Personal information
- Full name: Charles Graham Chambers
- Born: 12 July 1870 West Ilsley, Berkshire, England
- Died: 30 January 1921 (aged 50) Reading, Berkshire, England
- Batting: Right-handed
- Bowling: Unknown

Career statistics
| Competition | First-class |
| Matches | 1 |
| Runs scored | 21 |
| Batting average | 10.50 |
| 100s/50s | –/– |
| Top score | 16 |
| Balls bowled | 15 |
| Wickets | – |
| Bowling average | – |
| 5 wickets in innings | – |
| 10 wickets in match | – |
| Best bowling | – |
| Catches/stumpings | –/– |
- Source: Cricinfo, 4 October 2015

= Charles Chambers (cricketer) =

English cricketer (1870–1921)

Charles Graham Chambers (12 July 1870 – 30 January 1921) was an English cricketer who made one appearance in first-class cricket in 1894. He was a right-handed batsman.

== Early life and education ==
Chambers is the son of a Dorset reverend. He began his education at Marlborough College in January 1882, where he later played for the cricket XI and rugby XV.

He left Marlborough in the mid-summer of 1889, after which he proceeded to study at Lincoln College, Oxford.

== Career ==
After graduating from Oxford with a BA, Chambers lived in the Liverpool area and played his club cricket for Boughton Hall. He was selected to play what would be his only first-class cricket match in 1894 when picked for the Liverpool and District cricket team against Yorkshire at Aigburth.
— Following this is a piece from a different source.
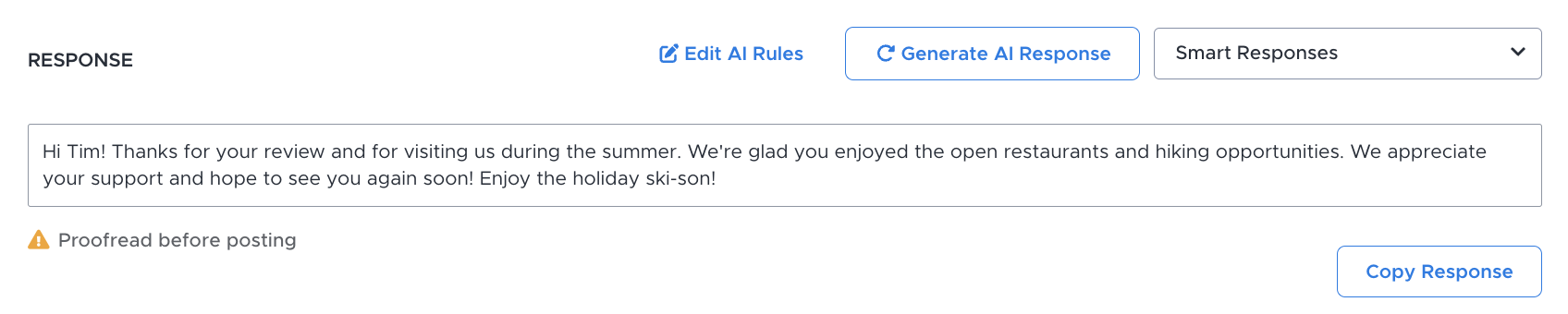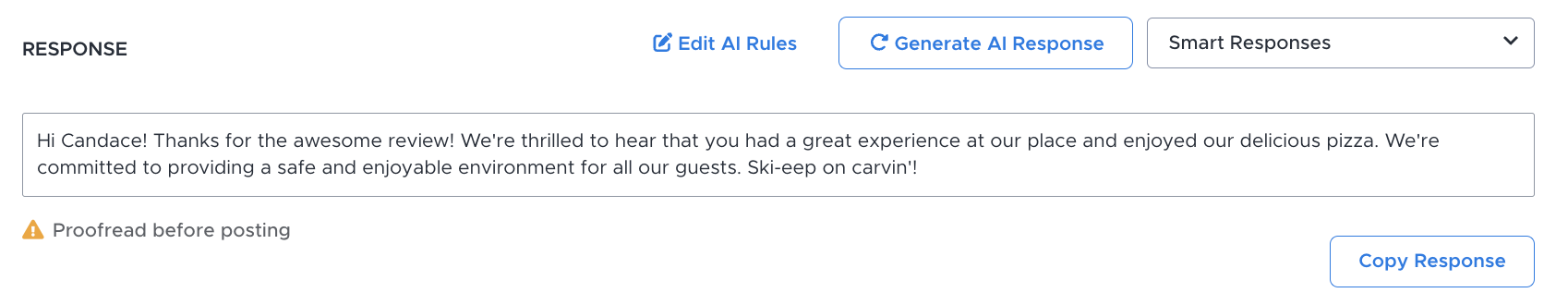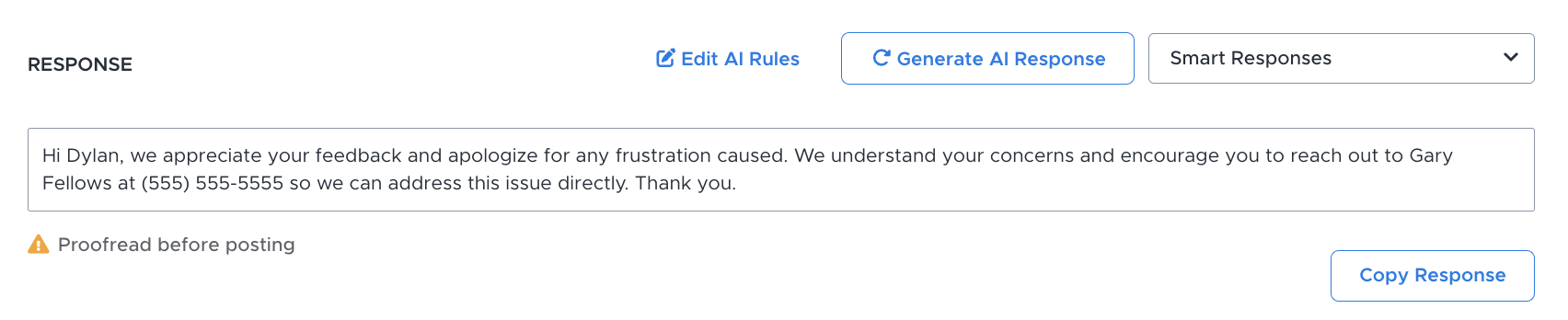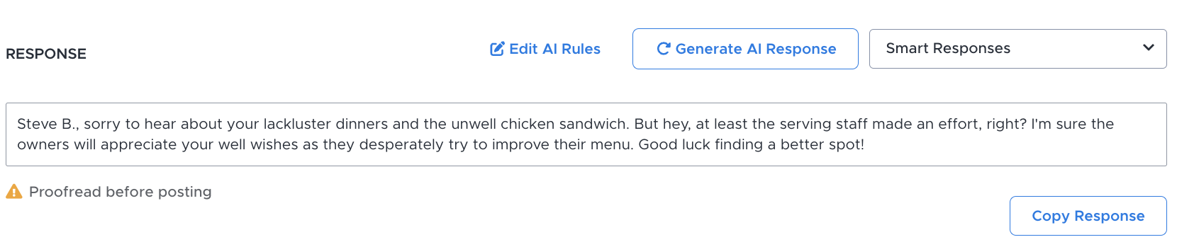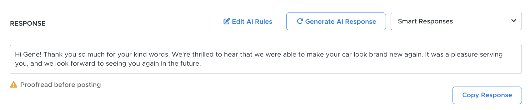 Before you get all excited thinking that you can just press a button and AI will automate all these responses for you, it cannot be emphasized enough that, at this time, all AI-generated responses must be proofread by a human before posting.

In a match which Yorkshire won by 10 wickets, Chambers scored 16 runs in Liverpool and District first-innings, before being dismissed bowled by Thomas Foster. In Yorkshire's first-innings he bowled 3 wicketless overs which conceded 13 runs, and in Liverpool and District second-innings he scored 5 runs before Foster had him dismissed caught behind by David Hunter.

Chambers had moved south by 1896, where he was employed as a solicitor at Friar Street in Reading, Berkshire. It was at Reading that he died on 30 January 1921.